_What you will do_
For the records below, output word for word the lines from the one with "Россия. Юг Западной" up to and including the one with "Socks is a 5". No pictures.

_Provided material_

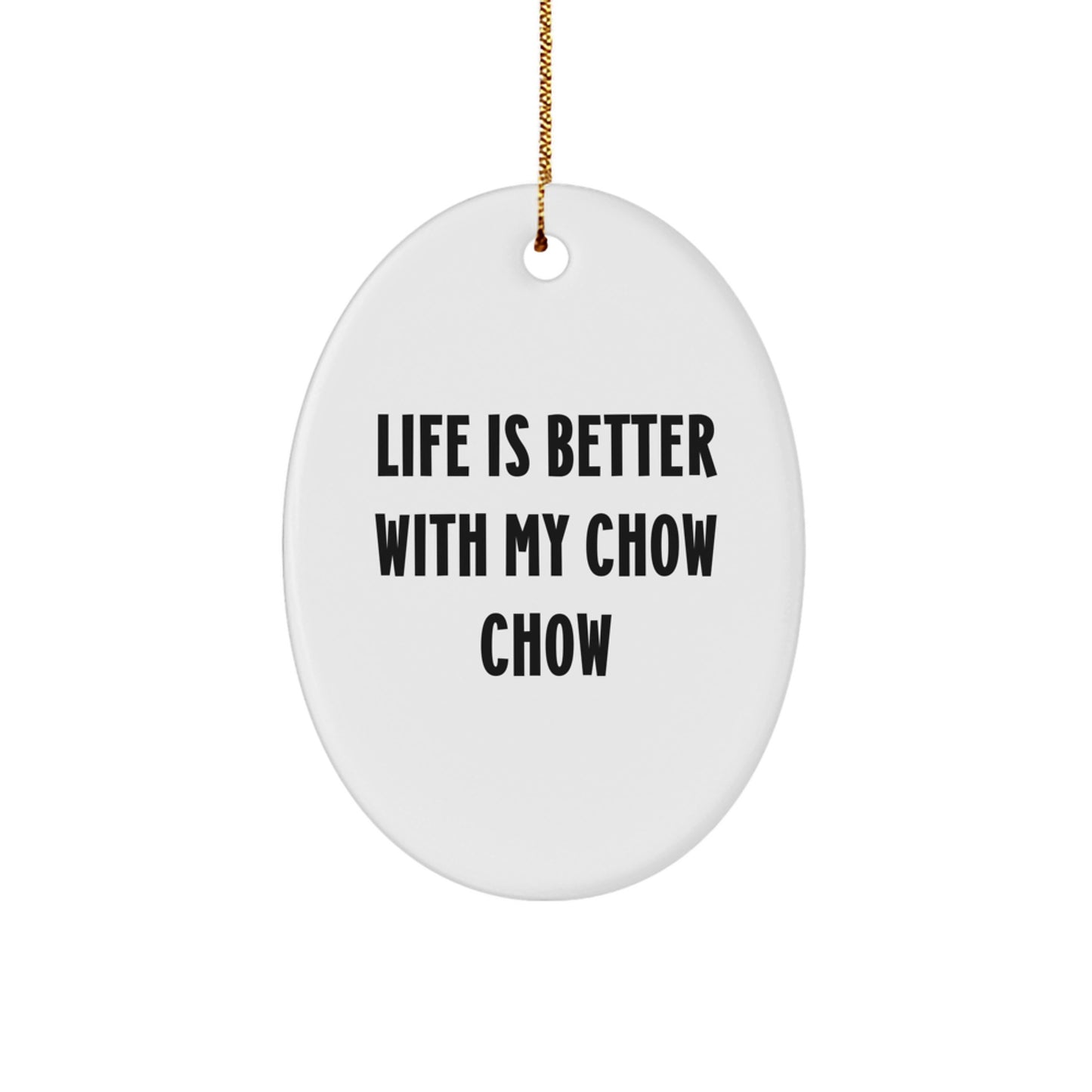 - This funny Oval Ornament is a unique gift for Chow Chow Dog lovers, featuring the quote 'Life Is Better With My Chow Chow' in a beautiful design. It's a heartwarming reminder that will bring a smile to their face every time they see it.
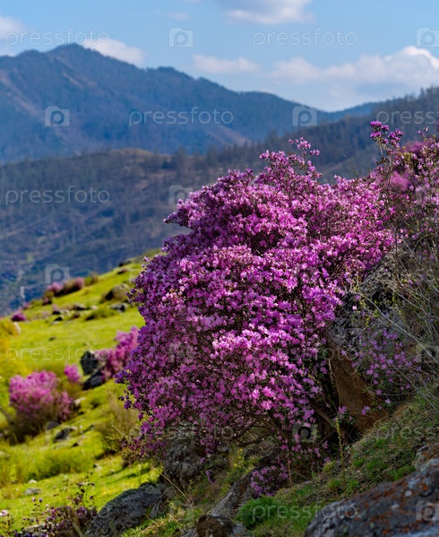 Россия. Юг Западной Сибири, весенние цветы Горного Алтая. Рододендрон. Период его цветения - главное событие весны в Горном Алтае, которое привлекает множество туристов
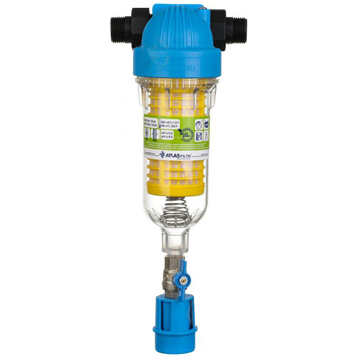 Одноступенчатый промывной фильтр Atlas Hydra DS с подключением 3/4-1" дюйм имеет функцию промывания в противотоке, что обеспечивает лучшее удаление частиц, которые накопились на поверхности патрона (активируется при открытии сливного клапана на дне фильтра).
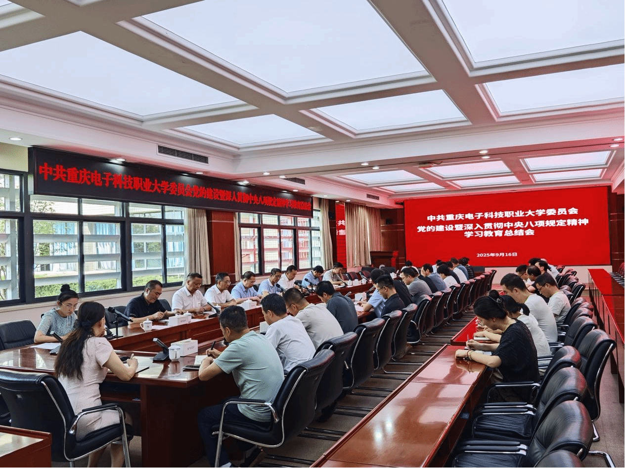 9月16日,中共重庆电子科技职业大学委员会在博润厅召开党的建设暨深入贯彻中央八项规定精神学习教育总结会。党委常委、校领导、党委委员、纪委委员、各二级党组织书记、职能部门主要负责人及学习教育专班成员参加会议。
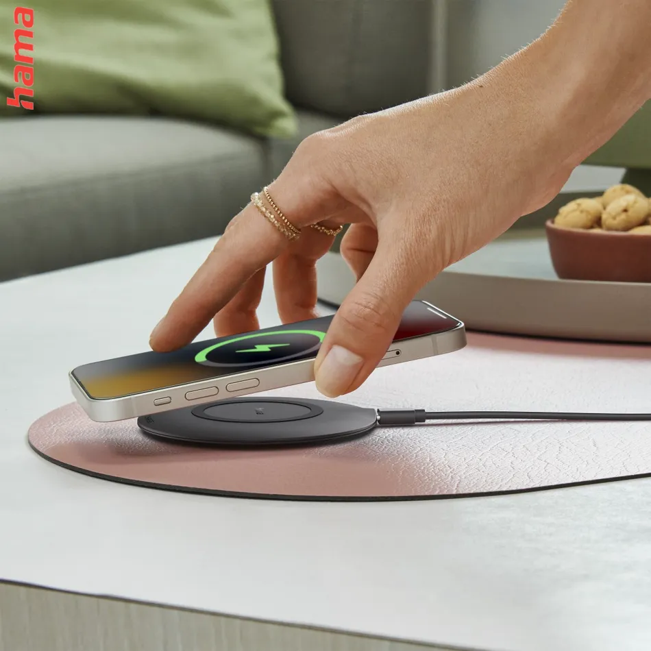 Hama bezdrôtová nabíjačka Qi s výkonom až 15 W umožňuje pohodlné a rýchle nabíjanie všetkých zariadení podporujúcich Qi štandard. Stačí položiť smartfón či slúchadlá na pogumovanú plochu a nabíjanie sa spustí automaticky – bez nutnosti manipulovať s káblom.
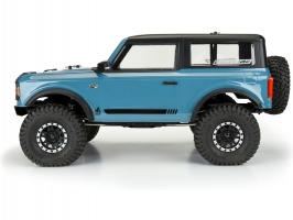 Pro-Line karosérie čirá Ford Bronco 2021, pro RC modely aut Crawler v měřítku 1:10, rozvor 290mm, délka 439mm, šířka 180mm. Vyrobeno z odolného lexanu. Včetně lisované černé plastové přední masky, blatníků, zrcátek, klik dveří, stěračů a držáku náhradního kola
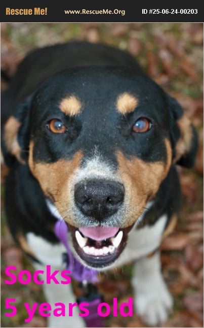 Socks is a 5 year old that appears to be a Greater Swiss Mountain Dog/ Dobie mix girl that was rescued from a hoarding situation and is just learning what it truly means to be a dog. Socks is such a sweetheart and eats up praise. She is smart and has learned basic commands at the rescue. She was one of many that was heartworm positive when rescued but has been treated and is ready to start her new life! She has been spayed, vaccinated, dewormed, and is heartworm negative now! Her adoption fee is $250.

==

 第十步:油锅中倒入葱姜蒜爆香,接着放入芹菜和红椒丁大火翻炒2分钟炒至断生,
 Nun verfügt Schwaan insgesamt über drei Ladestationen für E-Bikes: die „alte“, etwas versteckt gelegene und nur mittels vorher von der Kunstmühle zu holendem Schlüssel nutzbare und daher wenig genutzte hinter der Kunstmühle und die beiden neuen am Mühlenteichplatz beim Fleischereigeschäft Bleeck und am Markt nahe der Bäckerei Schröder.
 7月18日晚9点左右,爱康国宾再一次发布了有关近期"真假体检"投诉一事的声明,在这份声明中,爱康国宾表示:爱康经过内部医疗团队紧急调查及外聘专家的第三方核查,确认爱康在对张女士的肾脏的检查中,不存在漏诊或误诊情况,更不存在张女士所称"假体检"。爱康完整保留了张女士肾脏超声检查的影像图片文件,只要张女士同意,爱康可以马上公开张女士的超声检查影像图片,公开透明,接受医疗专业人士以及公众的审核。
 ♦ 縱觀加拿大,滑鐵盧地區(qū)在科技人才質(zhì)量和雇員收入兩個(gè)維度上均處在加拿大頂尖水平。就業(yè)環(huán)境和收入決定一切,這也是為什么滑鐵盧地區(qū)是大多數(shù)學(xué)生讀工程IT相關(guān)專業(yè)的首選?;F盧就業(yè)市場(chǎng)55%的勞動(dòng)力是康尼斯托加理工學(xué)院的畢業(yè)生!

==

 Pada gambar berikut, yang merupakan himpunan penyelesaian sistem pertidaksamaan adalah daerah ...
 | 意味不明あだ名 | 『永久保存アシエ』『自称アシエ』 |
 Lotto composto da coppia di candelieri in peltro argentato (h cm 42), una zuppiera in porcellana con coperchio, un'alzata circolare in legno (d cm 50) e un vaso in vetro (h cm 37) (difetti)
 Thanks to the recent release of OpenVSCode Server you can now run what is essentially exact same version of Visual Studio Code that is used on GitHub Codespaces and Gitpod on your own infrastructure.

_Exercise response_
 Россия. Юг Западной Сибири, весенние цветы Горного Алтая. Рододендрон. Период его цветения - главное событие весны в Горном Алтае, которое привлекает множество туристов
 Одноступенчатый промывной фильтр Atlas Hydra DS с подключением 3/4-1" дюйм имеет функцию промывания в противотоке, что обеспечивает лучшее удаление частиц, которые накопились на поверхности патрона (активируется при открытии сливного клапана на дне фильтра).
 9月16日,中共重庆电子科技职业大学委员会在博润厅召开党的建设暨深入贯彻中央八项规定精神学习教育总结会。党委常委、校领导、党委委员、纪委委员、各二级党组织书记、职能部门主要负责人及学习教育专班成员参加会议。
 Hama bezdrôtová nabíjačka Qi s výkonom až 15 W umožňuje pohodlné a rýchle nabíjanie všetkých zariadení podporujúcich Qi štandard. Stačí položiť smartfón či slúchadlá na pogumovanú plochu a nabíjanie sa spustí automaticky – bez nutnosti manipulovať s káblom.
 Pro-Line karosérie čirá Ford Bronco 2021, pro RC modely aut Crawler v měřítku 1:10, rozvor 290mm, délka 439mm, šířka 180mm. Vyrobeno z odolného lexanu. Včetně lisované černé plastové přední masky, blatníků, zrcátek, klik dveří, stěračů a držáku náhradního kola
 Socks is a 5 year old that appears to be a Greater Swiss Mountain Dog/ Dobie mix girl that was rescued from a hoarding situation and is just learning what it truly means to be a dog. Socks is such a sweetheart and eats up praise. She is smart and has learned basic commands at the rescue. She was one of many that was heartworm positive when rescued but has been treated and is ready to start her new life! She has been spayed, vaccinated, dewormed, and is heartworm negative now! Her adoption fee is $250.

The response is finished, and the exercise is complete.